I haven't created a VM guest yet but once I do I will report back.

[jlehtone]

However, when I open virt-manager the bridge network was not available. I did end up having to create the .xml file and run the commands for it to be visible within virt-manager.

I have no networks in virt-manager either (except the disabled 'default' that I have not erased completely).

Instead, on a VM I can:
> Add Hardware
-> Network
--> select "Bridge br0: Host device br0" as "Network source"
--> select "virtio" as "Device model"

Creation of new VM dialog does have the same "Network source" list, that has entries like:

Code: Select all

Bridge br0: Host device br0
Virtual network 'default' : NAT
Host device eno1: macvtap
Specify shared device name

Did you (re)start libvirtd after the host-bridge was created?
(My guess: you did not and libvirt does not dynamically detect new host interfaces.)

the command to delete the eno1 did not work

"did not work" ... What exactly happens? Error message? If yes, what?

[t3kg33k]

Did you (re)start libvirtd after the host-bridge was created?
(My guess: you did not and libvirt does not dynamically detect new host interfaces.)

Actually, I had completely rebooted the server after creating the bridge.
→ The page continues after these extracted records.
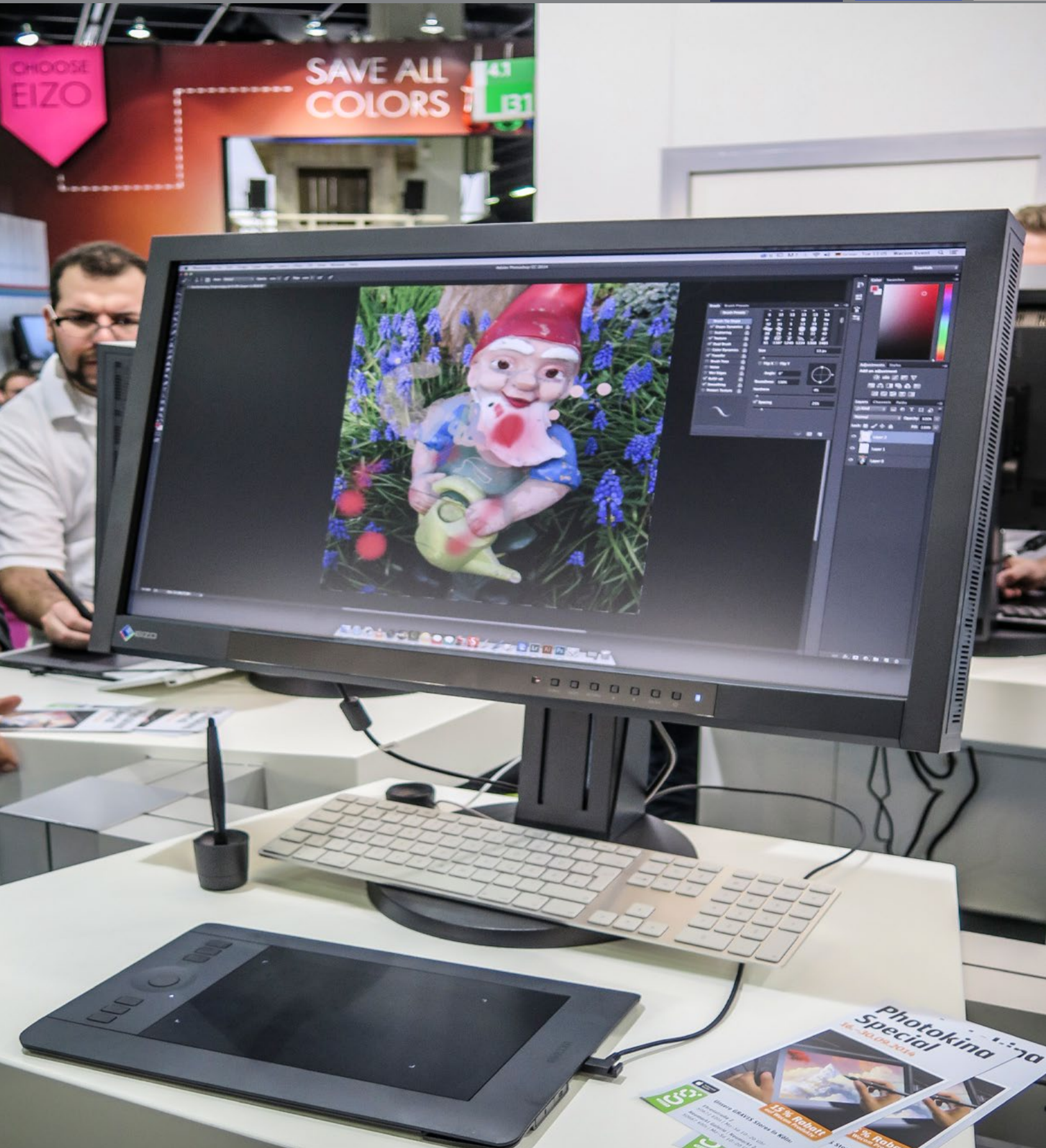
Wacom, pen tablets, USA, Hall 4.1, I 31, J 40
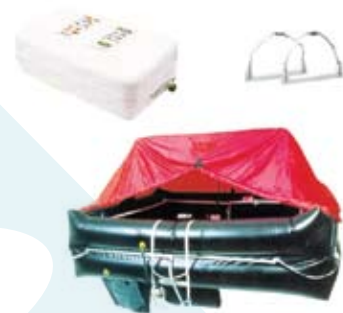
Inflatable Liferaft Non SOLAS, Rigid Container Capacity : 4, 6, & 8 Persons
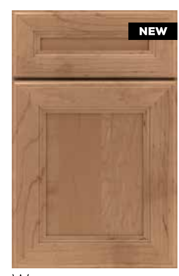
Warren G 5-Piece Drawer Front \bigcirc M
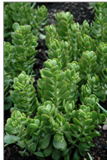
Red Carpet
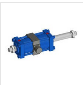
CSTM-200-90-300- MT4 Custom Design

When br0 was not available for the VM guest is what led me to creating the .xml file and running the commands to create the br0 network for the VM guest from that .xml file.

"did not work" ... What exactly happens? Error message? If yes, what?

nmcli delete eno1
Error: argument 'delete' not understood. Try passing --help instead.

[t3kg33k]

Okay. I may have spoke too soon. I now rebooted after creating the .xml and running those commands and now my VM guest is no longer communicating via the bridge. Before I was able to get an IP address via DHCP, now I am getting nothing. I even assigned a static IP address on the VM guest and still no network connection.
So, I think creating that .xml screwed something up. I have to find a way to back that out now.